MLKL（混合谱系激酶结构域，如假激酶）是一种众所周知的坏死体核心成分，它在被 RIPK3（受体相互作用的丝氨酸/苏氨酸激酶 3）磷酸化后执行坏死性细胞死亡。最近的研究还暗示 MLKL 在内涵体运输中的作用，这并不总是依赖于 RIPK3。使用小鼠 Neuro-2a 和 L929 以及人类 HEK293 和 HT29 细胞，我们在此显示 MLKL 以依赖于 CAMK2/CaMKII（钙/钙调蛋白依赖性）的方式磷酸化以响应培养基中血清和氨基酸的剥夺蛋白激酶 II) 但不是 RIPK3。饥饿诱导的 MLKL 磷酸化增加伴随着自噬体标志物脂化 MAP1LC3B/LC3B（微管相关蛋白 1 轻链 3 β；LC3-II）和 SQSTM1/p62（sequestosome 1）水平的降低。通过药理学和基因操作破坏 MLKL 或 CAMK2 可以防止这些变化。此外，破坏 MLKL 或 CAMK2 还抑制了 LC3-II 掺入自溶酶体中，证明了 CAMK2-MLKL 途径在促进短期饥饿期间自噬通量的作用，这与抑制自噬通量的坏死性凋亡形成对比。此外，与坏死性凋亡途径不同，饥饿诱发的 CAMK2 介导的 MLKL 磷酸化保护细胞免于饥饿诱导的死亡。我们提出，在营养剥夺后，MLKL 被 CAMK2 激活，这反过来又促进了自噬体成熟所需的膜断裂，从而使自噬体与溶酶体适当融合并随后进行物质降解。
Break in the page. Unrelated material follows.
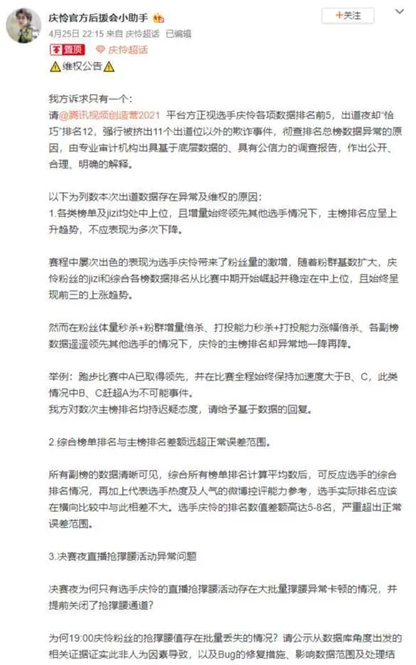 文/紫依 当认识的旋律响起时,全部秀粉们直接把思绪拉回成团的谁人夜晚。 那些年,通过选秀节目脱颖而出,那些为空想而积极的男孩和女孩,他们创建的限定团,现在已经逐一遣散。 4月25日,内娱末了一个限定团INTO1公布遣散,至此,内娱的选秀团已经全部遣散了。 在选秀节目停息的日子里,人们是吊唁,照旧光荣? 从《创造营101》和《芳华有你》两档节目中,成团的有THE9、硬糖少女303、NINEPERCENT、INTO1、R1SE、IXFORM、火箭少女101、UNINE、 SKY天空少年、BlackACE,这么多的限定团,那么多的俊男玉人,现在都开始自谋出路,开始在娱乐圈里的奋斗了。 其时间调回到2021年,选秀节目被告急喊停的时候。 末了一年的选秀季,一点都不平常。 由于闹得沸沸扬扬的“倒奶打投”变乱,不绝是娱乐圈香饽饽的选秀节目,一度被推上了风口浪尖上。 《芳华有你3》的烂尾,成为无数秀粉们心中的痛。 毕竟,那是他们真金白银费钱,多个日日夜夜,熬夜打投,辛辛劳苦做数据,想要助力自己心仪的爱豆出圈,效果,统统都白废了。 再加上爱豆粉丝的集资题目,也面对着史无前例的质疑,就连其时胜利成团的《创造营101》,也就是现在的INTO1也难逃非难,不少网友直接质疑节目标排名有题目。 恶意打投,选手资质和配景有题目,粉丝集资却付之东流的变乱,这统统,都让原来纯粹的选秀节目,变得布满争议。 我们不禁想问,内娱的选秀节目,毕竟是选拔人才的渠道,照旧割韭菜的镰刀? (1)10几年前的选秀和现在的选秀,早已不能等量齐观10几年前,《超等女声》作为选秀鼻祖,一连几届为内娱贡献了气力强劲的歌手。 不管是张靓颖,李宇春,周笔畅,照旧谭维维等,她们现在依然生动在乐坛,为我们带来丰富且质量高的作品,换句话说,他们的气力不容置喙。 包罗男生版选秀节目《快乐男声》,张杰、魏晨、华晨宇等等,就连迩来借着《快乐再出发》翻红的过气男团再就业,都给我们奉献不少梗。 这些固然也是选秀节目,但至少选手们都非常恭敬舞台,岂论是冠军,照旧前10强的选手,每个人都很有影象点,拥有着不错的气力。 因而它们一度作为娱乐圈的“黄埔军校”,给文娱圈保送了像李宇春,张靓颖、张杰等长红的歌手。 可再看看现在的选秀舞台? 不少爱豆反复爆出假唱丑闻,舞蹈划水,一脸被迫休业的样子,可就这,尚有人说他独树一帜,不走寻常路,拥有一大批粉丝。 更有甚者,作为爱豆爱情史不清不楚,有的三观还不正,一点没有作为爱豆的自发性。 但就算如许,也照旧有一大批粉丝乐意跟随你,洗白你,只需你有流量,让他们以为自己可以或许靠自身气力推出一名爱豆。 总有老戏骨说,怪不得现在有一大批人挤破头脑想进文娱圈,是由于门槛真的是太低了。 关于内娱的选秀节目,张艺兴有一句话说得很好,“好苗子都被选完了。” 这范例的节目,之前年复一年的大操大办,阵容浩荡,到底是真的为了让具有艺术抱负的孩子,提供一个展示技能的舞台? 照旧平台和商家一起相助,定期收割以青少年群体为主的“秀粉”的钱包呢? 我们不得而知。 (2)黑幕反复爆出,公信力降落先不说谁人引起热议的倒牛奶变乱了,一群老爷爷、老奶奶围坐在一起,将一瓶瓶极新的牛奶拆封后,逐一倒进了脏乱的沟内里。 而这些牛奶,只是粉丝购买用来打投爱豆的物品。 数据上来了,牛奶就没须要存在了,于是他们便费钱雇人专门倒掉。 在贫富差距云云之大的中国,他们花着真金白银买牛奶又倒掉,可多少深山里的孩子,大概长这么大,都没有机遇喝到牛奶。 双方一对比,视频流出后,社会反响热烈,如许的浪费举动不值得提倡,哪怕把他们捐给慈善机构,让边远地域的孩子们喝到牛奶,也算是做善事啊! 再好比,加入选秀的选手,不绝爆出各种大雷。 有人的父母放下公司涉黄涉毒,有人父母是老赖,本人却不绝炫富,高斲丧等,乃至选手加入的资质稽核不清,对其他选手造成不公平竞争等等。 再加上这些年选出来的限定团,不乏有良好的,但是塌房也非常严峻。 好比RISE在遣散前,团里的小同伴就因抄袭、不当言论、私生存欠好,在团就谈爱情等题目,逐一塌房。 更别说,粉丝质疑排名数据的公证性了。 《创造营101》中的人气学员,好比庆怜、奥斯卡、甘望星、井汲大翔未能出道,简直成为全网的意难平。 于是乎,在节目竣事成团后,庆怜的粉丝后盾会就向节目组发起维权。 粉丝以为,庆怜各方面的数据都在出道位,他们也经心努力集资打投,但终极只能卡位。 只不外,如许的维权,根本没人剖析,成了没人在意的笑话。 而甘望星的后盾会,则被粉丝告状,某电视台报道了“粉丝集资700多万,偶像却未能出道”的消息,粉丝质疑后盾会有“海景房。 后续,后盾会出示了干系的资金运用明细,但效果着实差能人意。 尚有粉丝在担当采访时透露,后盾会用PUA的话术敦促粉丝,“什么本日不打钱,你家哥哥就在家待,什么永久都看不到他了”。 于是,粉丝们为了偶像可以恒久地拥有更好的资源,不时地给后盾会打钱。 固然之后,甘望星后盾会在官方账号上发布了赛时的全部账目明细,并表现每笔明细及流水均可查询,大公至正问心有愧,但这个过程仍引起广泛关注。 结语国内的选秀文化短暂鼓起后,又快速地闭幕了。 而成团的偶像们,背后有大公司支持的,现在发展得风生水起,好比刘雨昕、虞书欣、杨逾越等等,她们不光唱跳,有的还开始反复触影,留下不少影视作品。 可以

缩写：CAMK2/CaMKII：钙/钙调蛋白依赖性蛋白激酶 II；DIABLO/SMAC：凋亡结合蛋白的直接抑制剂，具有低 pI/第二个线粒体衍生的半胱天冬酶激活剂；ECS：细胞外溶液；ESCRT：运输所需的内体分选复合物；FBS：胎牛血清；GSK3B：糖原合酶激酶 3 β；HBSS：汉克斯平衡盐溶液；KO：淘汰赛；LC3-II：脂化微管相关蛋白1轻链3β；LDH：乳酸脱氢酶；MLKL：混合谱系激酶结构域，如假激酶；MTOR：雷帕霉素激酶的机制靶点；MTORC1：MTOR复合物1；N2a：Neuro-2a 神经母细胞瘤；Nec-1：necrostatin-1；NSA：坏死性磺胺；PBS：磷酸盐缓冲液；PI：碘化丙啶；PK-hLC3：pHluorin-mKate2-人 LC3；RIPK1：受体相互作用的丝氨酸/苏氨酸激酶 1；RIPK3：受体相互作用的丝氨酸/苏氨酸激酶 3；ROS：活性氧；RPS6KB1/S6K：核糖体蛋白 S6 激酶 B1；shRNA：短发夹RNA；siRNA：小干扰RNA；SQSTM1/p62：隔离体 1；TBS：Tris 缓冲盐水；TNF/TNF-α：肿瘤坏死因子；TSZ，用 TNF + DIABLO 模拟物 + z-VAD-FMK 治疗。